You're joining the table with itself using 'id'. However, there's no index just 
on that field. I'm not sure how exactly SQLite utilises indices, but it might 
be unable to use index on (id,key,source) triple to optimise calculation of 
"m1.id = m2.id".

Does this sound sensible?

Cheers.

--- =?ISO-8859-1?Q?Tobias_Rundstr=F6m?= <[EMAIL PROTECTED]> wrote:
> Hello,
> 
> I guess this subject is a bit worn out. But I am having scalabillity  
> problems with SQLite in XMMS2. We have dimensioned XMMS2 to handle  
> insanely huge media libraries, playlists and clients. Our goal is to  
> be able to run medialibs with 50.000 files without problem. Our  
> backend is SQLite3. When we get somewhere around 16 rows (10k  
> entries) we're starting to see problems with scalabillity of SQLite3.  
> I would like some views on how we could speed up the storage backend  
> and also comments on our structure.
> 
> Today we save all data in one table called Media. Each entry has a id  
> number and each id number can have a indefinitive number of  
> properties. To keep this flexible and clean we choose to add one row  
> per property. A property can be "artist", "album", "url" and more.  
> The schema is this:
> 
> create table Media (id integer, key, value, source integer);
> and the indexes:
> create unique index key_idx on Media (id,key,source);
> create index prop_idx on Media (key,value);
> create index source_idx on Media (key,source);
> create index key_source_val_idx on Media (key,source,value);
> 
> The most common query is something like this:
> 
> select value from Media where id=5 and key='url' and source=1;
> 
> This query remains very fast no matter how many entries I have in my  
> database also things like:
> 
> select key, value from Media where id=5 and source=1;
> 
> is still very fast.
> 
> But more advanced queries like "show me all albums and artists that  
> are not compilations" are very slow:
> 
> select distinct m1.value as artist, ifnull(m2.value,'[unknown]') as  
> album from Media m1 left join Media m2 on m1.id = m2.id and  
> m2.key='album' left join Media m3 on m1.id = m3.id and  
> m3.key='compilation' where m1.key='artist' and m3.value is null;
> 
> In fact, whenever I join with myself and try to extract a big number  
> of values it can take forever to get the result.
> 
> I have tried to increase the cache_size to somewhere around 32000 to  
> see if it made any difference, it didn't.
> idxchk tells me that the good indexes are in use.
> 
> Any comments, help or blame is welcome to try to solve this issue of  
> scalabillity. You can download a medialib here:
> http://debian.as/~skid/medialib.db.gz this contains almost 20  
> rows and 14000 songs and is a real user library.
> 
> Looking forward to getting your input.
> 
> Thanks
> Tobias
> 
> 
> --
> * Zoner PhotoStudio 8 - Your Photos perfect, shared, organised! 
> www.zoner.com/zps
> 
> 

__
Stops spam 100% for your email accounts or you get paid. http://www.cashette.com


Re: [sqlite] Join on same table and performance.

2006-03-24 Thread drh
Elcin Recebli <[EMAIL PROTECTED]> wrote:
> Hi.
> 
> You're joining the table with itself using 'id'. However, there's no index 
> just on that field. I'm not sure how exactly SQLite utilises indices, but it 
> might be unable to use index on (id,key,source) triple to optimise 
> calculation of "m1.id = m2.id".
> 

SQLite is able to use the prefix of an index.  So in
this case, the index on (id,key,source) would be used
to optimize m1.id=m2.id.
--
D. Richard Hipp   <[EMAIL PROTECTED]>



Re: [sqlite] Join on same table and performance.

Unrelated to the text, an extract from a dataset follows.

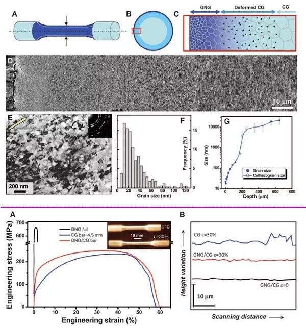 許多生物材料在局部化學(xué)組成或成分以及結(jié)構(gòu)特征上表現(xiàn)出空間梯度,這樣的空間梯度提高了生物材料的力學(xué)性能并賦予一定功能。為了優(yōu)化力學(xué)性能,梯度結(jié)構(gòu)被引入到金屬工程材料中。但在如何合成這種具有空間梯度的金屬材料,一直充滿著挑戰(zhàn)。從結(jié)構(gòu)的提出到實驗室的成功合成,該過程經(jīng)歷了10年之久。第一個成功合成梯度結(jié)構(gòu)金屬材料的是我國沈陽金屬研究所的盧柯院士,并將成果發(fā)表在了Science期刊上,繼而后來引發(fā)了全世界的科研浪潮。目前為止,合成梯度金屬材料的方法主要工藝主要為:a:表面機械摩擦處理(SMAT)是對板狀試樣進行表面機械摩擦處理的一種方法;b:表面機械磨削處理(SMGT)用于處理圓柱形樣品;c:表面機械軋制處理(SMRT)用于處理圓柱形樣品;d:高壓扭轉(zhuǎn)變形,是目前應(yīng)用最多的方法之一。這些方法造成的梯度誘導(dǎo)了孿晶,位錯以及層錯能的梯度。微觀的結(jié)構(gòu)差異改變了宏觀的力學(xué)性能(主要是非均勻的變形行為引起)。納米晶區(qū)強度大,粗晶區(qū)延性好,二者的協(xié)同作用促進了金屬材料的高強度和高延性。梯度晶體結(jié)構(gòu)是一種打破強塑性同時掣肘的很好地方法。TRIP和梯度結(jié)構(gòu)結(jié)合使得奧氏體鋼的塑性增加,但是強度維持不變。梯度結(jié)構(gòu)結(jié)合TWIP可以同時提高材料的強塑性。納米晶金屬塑性差的主要原因是缺乏加工硬化行為,從而導(dǎo)致早期應(yīng)變局部化和失效。梯度結(jié)構(gòu)可以抑制應(yīng)變局部化的早期發(fā)生。因為梯度結(jié)構(gòu)改變了變形機制,機械驅(qū)動納米晶粒生長。梯度結(jié)構(gòu)具有彈塑性均質(zhì)性和塑性非均質(zhì)性,從而形成宏觀應(yīng)變梯度。由于不兼容的變形,應(yīng)變梯度將單軸應(yīng)力轉(zhuǎn)變?yōu)槎噍S應(yīng)力。從粗粒度區(qū)域可以實現(xiàn)應(yīng)變?nèi)ゾ植炕蚝图庸び不?。因此,特殊的?yīng)力分布可能會增強位錯的形核和擴展,并導(dǎo)致額外的應(yīng)變硬化。梯度材料單軸變形柯分為三個階段:1)梯度晶體材料彈性變形;2)中心粗晶層開始變形,但是納米表面層仍然彈性變形;這種不相容性使單軸應(yīng)力轉(zhuǎn)變?yōu)殡p軸應(yīng)力;同時存在兩個彈塑性界面,并隨外加應(yīng)變的增加而向表面移動。出現(xiàn)應(yīng)力應(yīng)變梯度,形成協(xié)同強化和背應(yīng)力,提高屈服強度。3)粗晶層和納米晶層均可塑性變形,穩(wěn)定的頸縮首先發(fā)生在納米顆粒層中。然而,頸縮受到穩(wěn)定的粗粒度層的約束。頸縮層與中心穩(wěn)定層的界面附近出現(xiàn)陡峭的應(yīng)變梯度,通過必要的幾何位錯和背應(yīng)力的積累促進應(yīng)變硬化能力。此外,頸縮/穩(wěn)定界面從表面向中心層遷移,伴隨著高密度位錯的積累,提高了應(yīng)變硬化速率,從而提高了梯度晶材料的延性。在梯度結(jié)構(gòu)中,粗晶層中的位錯誘導(dǎo)硬化和納米層中的晶界遷移誘導(dǎo)軟化同時激活。巨大的應(yīng)變硬化能力主要來源于梯度層中由于不均勻變形產(chǎn)生的大量幾何必須位錯。梯度組織的應(yīng)變硬化速率可與粗晶組織相當(dāng)。利用納米晶粒優(yōu)越的強度、粗大晶粒良好的塑性和梯度分布,實現(xiàn)了應(yīng)變?nèi)ゾ钟蚧皖~外應(yīng)變硬化,發(fā)展了強韌性材料。3.1 盧柯院士首次在《Science》雜志報道梯度銅該文是盧柯院士在國際上第一次合成梯度金屬材料并引起了國際間的極大關(guān)注與討論。該文一經(jīng)發(fā)表就引發(fā)了一股研究梯度材料的浪潮。通常納米金屬材料的強度很高,但是由于缺乏加工硬化行為,其塑性極差。該文通過表面塑性摩擦技術(shù)成功制備得了梯度銅,其顯微結(jié)構(gòu)為中心部位的粗晶層,越往表層晶粒越細,在距離表面深度為150um范圍內(nèi)存在納米梯度層。拉伸性能測試顯示合成的梯度銅具有10倍于粗晶銅的強度,其塑性基本保持不變。研究發(fā)現(xiàn)機械力驅(qū)動梯度層中晶粒的生長是主要的變形機理。這種變形機理導(dǎo)致梯度銅在具有高強度的同時還能維持很好的塑性。

2006-03-24 Thread Tobias Rundström


El 24-03-2006, a las 16:08, [EMAIL PROTECTED] escribió:


Elcin Recebli <[EMAIL PROTECTED]> wrote:

Hi.

You're joining the table with itself using 'id'. However, there's  
no index just on that field. I'm not sure how exactly SQLite  
utilises indices, but it might be unable to use index on  
(id,key,source) triple to optimise calculation of "m1.id = m2.id".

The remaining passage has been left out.